Work request: Would you retype exactly the lines below, starting with the one that has "- Уличный полубарный" and going on through the one that has "KERAGOLD PRO CC", with no pictures and nothing else?

Given records:
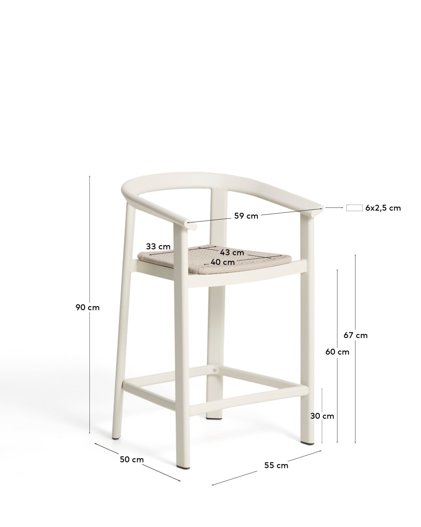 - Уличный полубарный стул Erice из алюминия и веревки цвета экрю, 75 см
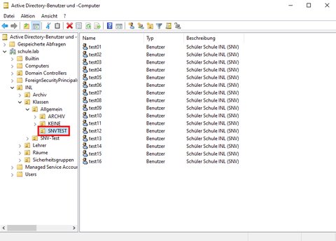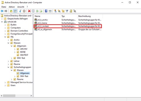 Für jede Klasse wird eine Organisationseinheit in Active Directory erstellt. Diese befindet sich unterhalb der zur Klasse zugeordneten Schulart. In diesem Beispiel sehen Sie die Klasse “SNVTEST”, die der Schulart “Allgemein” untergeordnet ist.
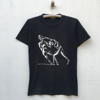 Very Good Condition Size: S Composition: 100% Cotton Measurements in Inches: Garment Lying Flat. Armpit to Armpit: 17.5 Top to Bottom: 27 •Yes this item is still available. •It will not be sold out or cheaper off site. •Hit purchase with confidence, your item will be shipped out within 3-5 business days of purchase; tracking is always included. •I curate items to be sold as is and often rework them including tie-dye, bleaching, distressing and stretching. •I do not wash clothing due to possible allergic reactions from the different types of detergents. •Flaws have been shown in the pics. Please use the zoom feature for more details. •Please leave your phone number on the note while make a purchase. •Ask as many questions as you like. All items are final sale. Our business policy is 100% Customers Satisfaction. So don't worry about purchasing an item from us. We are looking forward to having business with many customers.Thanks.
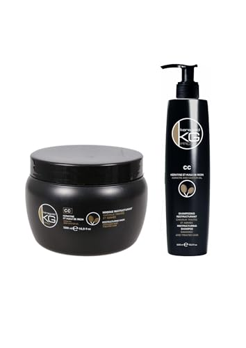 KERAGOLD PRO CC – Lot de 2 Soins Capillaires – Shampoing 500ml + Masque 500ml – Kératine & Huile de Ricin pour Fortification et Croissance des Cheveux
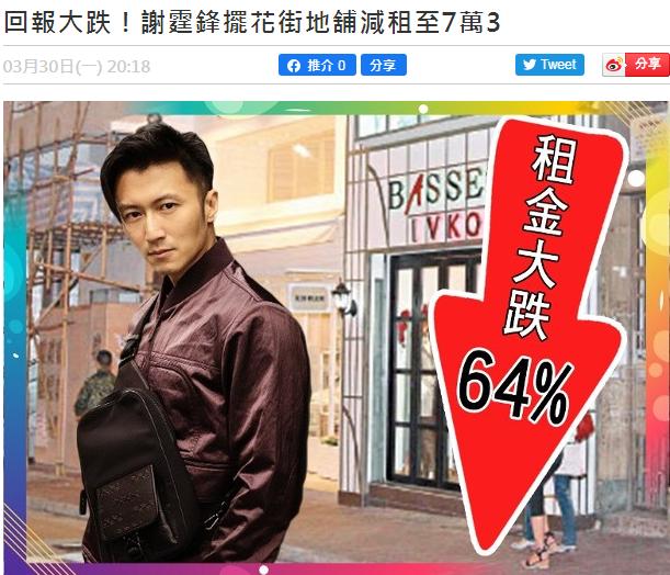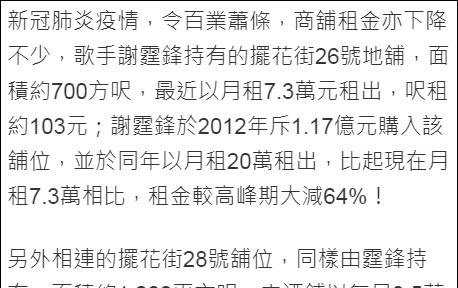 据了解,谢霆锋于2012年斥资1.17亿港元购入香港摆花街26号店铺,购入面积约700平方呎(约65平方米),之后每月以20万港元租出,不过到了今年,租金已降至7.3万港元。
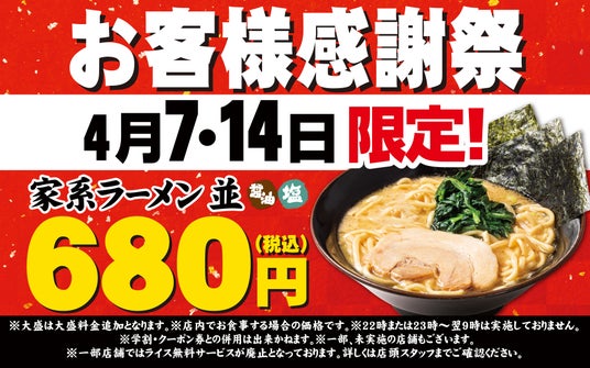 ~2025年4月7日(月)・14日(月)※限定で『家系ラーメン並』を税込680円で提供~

==

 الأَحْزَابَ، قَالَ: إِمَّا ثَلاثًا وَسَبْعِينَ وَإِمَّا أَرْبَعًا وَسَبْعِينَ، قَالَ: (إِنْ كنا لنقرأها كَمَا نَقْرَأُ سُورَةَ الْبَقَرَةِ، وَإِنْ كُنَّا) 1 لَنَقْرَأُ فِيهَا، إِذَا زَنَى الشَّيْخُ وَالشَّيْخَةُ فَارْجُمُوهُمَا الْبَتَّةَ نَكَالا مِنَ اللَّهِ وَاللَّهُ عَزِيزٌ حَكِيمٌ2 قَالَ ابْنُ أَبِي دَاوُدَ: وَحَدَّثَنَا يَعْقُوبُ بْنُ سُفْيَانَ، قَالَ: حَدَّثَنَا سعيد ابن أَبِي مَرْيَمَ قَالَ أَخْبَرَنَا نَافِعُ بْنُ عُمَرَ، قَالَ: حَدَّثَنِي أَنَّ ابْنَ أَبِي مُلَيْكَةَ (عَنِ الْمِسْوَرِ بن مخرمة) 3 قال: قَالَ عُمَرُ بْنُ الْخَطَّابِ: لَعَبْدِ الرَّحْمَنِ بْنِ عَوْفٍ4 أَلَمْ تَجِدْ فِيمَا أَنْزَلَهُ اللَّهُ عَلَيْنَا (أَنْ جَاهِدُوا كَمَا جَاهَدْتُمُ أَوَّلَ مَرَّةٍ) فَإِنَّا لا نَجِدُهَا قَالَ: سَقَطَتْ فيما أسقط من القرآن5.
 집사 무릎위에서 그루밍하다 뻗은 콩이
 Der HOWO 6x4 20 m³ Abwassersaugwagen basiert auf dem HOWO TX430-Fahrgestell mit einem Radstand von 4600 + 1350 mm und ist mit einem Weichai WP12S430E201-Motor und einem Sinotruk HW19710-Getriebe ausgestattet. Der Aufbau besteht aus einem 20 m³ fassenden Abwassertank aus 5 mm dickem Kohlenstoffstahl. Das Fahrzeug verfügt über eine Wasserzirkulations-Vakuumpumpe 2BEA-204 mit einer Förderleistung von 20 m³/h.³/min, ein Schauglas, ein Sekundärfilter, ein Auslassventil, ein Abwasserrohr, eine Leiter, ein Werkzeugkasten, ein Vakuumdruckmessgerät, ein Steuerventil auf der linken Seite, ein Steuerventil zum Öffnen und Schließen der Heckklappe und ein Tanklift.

...

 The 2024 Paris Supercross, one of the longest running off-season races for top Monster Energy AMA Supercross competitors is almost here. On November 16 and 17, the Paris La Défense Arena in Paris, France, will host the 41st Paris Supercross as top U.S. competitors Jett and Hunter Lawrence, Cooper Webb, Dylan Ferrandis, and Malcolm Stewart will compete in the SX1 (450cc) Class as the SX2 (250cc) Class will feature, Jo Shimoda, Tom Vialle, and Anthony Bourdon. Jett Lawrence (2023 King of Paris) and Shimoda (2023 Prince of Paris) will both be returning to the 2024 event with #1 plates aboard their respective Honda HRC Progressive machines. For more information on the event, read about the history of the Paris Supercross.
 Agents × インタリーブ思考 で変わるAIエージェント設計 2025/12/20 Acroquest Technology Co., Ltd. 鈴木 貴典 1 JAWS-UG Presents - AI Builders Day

Answer:
 - Уличный полубарный стул Erice из алюминия и веревки цвета экрю, 75 см
 Für jede Klasse wird eine Organisationseinheit in Active Directory erstellt. Diese befindet sich unterhalb der zur Klasse zugeordneten Schulart. In diesem Beispiel sehen Sie die Klasse “SNVTEST”, die der Schulart “Allgemein” untergeordnet ist.
 Very Good Condition Size: S Composition: 100% Cotton Measurements in Inches: Garment Lying Flat. Armpit to Armpit: 17.5 Top to Bottom: 27 •Yes this item is still available. •It will not be sold out or cheaper off site. •Hit purchase with confidence, your item will be shipped out within 3-5 business days of purchase; tracking is always included. •I curate items to be sold as is and often rework them including tie-dye, bleaching, distressing and stretching. •I do not wash clothing due to possible allergic reactions from the different types of detergents. •Flaws have been shown in the pics. Please use the zoom feature for more details. •Please leave your phone number on the note while make a purchase. •Ask as many questions as you like. All items are final sale. Our business policy is 100% Customers Satisfaction. So don't worry about purchasing an item from us. We are looking forward to having business with many customers.Thanks.
 KERAGOLD PRO CC – Lot de 2 Soins Capillaires – Shampoing 500ml + Masque 500ml – Kératine & Huile de Ricin pour Fortification et Croissance des Cheveux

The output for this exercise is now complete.